Programming model
Personalization builds on the same programming model used by WebSphere Application Server.
Two components of that model are Java Server Pages (JSP) and business logic (JavaBeans and enterprise beans). JSP files enable us to effectively separate HTML coding (presentation) from business logic. You isolate your business logic in beans that the Web page author embeds in the JSP.
The term developer could refer to Web page authors or programmers. The developer does not need programming skills to author JSPs that access databases and reusable Java components. The author only needs to know the type of content that the bean, servlet, or other Java component adds to the page. The programmers create the reusable Java components and provide the Web page authors with the component names and properties. The database administrators provide the Web page programmers with the database access and table information.

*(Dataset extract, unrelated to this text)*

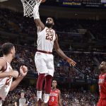 29日(同28日)に行われたシャーロット・ホーネッツ戦で41得点を挙げ、連続2ケタ得点試合数で歴代1位のマイケル・ジョーダン(元シカゴ・ブルズほか)に並ぶ866を記録していたレブロン・ジェームズは、最初のフィールドゴールをダンクで決めると、第1クォーター残り約6分、豪快なボースハンドダンクで11得点目を奪い、早々に867試合という史上最長記録を樹立。
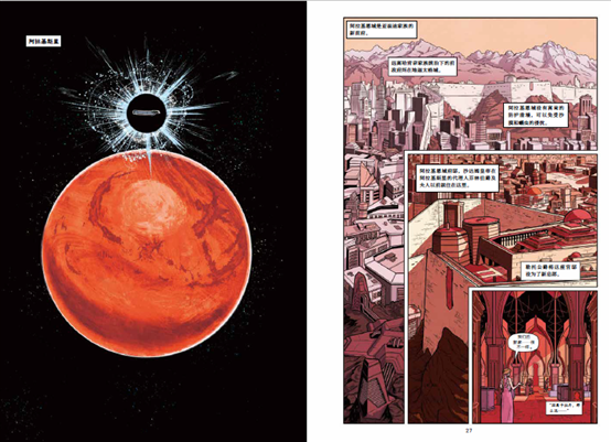 中信出版集团目前也计划用2-3年的时间,给大家带来《沙丘》原著的改编漫画,近期即将出版的《沙丘》漫画第一部,紧跟《沙丘》电影一起上市,让读者借助一张张图画,一帧帧分镜,更轻松地进入沙丘的情节,欣赏每一帧分镜的巧妙分割,给读者带来激动人心的视觉体验,沉浸在这个有史以来最伟大的科幻故事之中。

The model expands three Web team roles:
The business users
The business users understand the business goals that the Web site or Web application must achieve. They understand the business conditions and business rules that must be factored into the Personalization solution. For example, the business users know the characteristics by which to categorize users for effective implementation of the business rules.
The developer
The developer understands Web site development and can use Rational Application Developer (or similar tools) to create and publish Web pages and sites. The developer works with the business user to determine where personalized content should appear and creates content spots of the appropriate type at the proper locations on the Web pages.
This team member is the Web content expert and/or server administrator. The administrator knows what content already exists, where it is stored, the people who provide the content, how often the content is updated and other details. This person understands how to categorize content and helps the business users organize and target content for categories of users.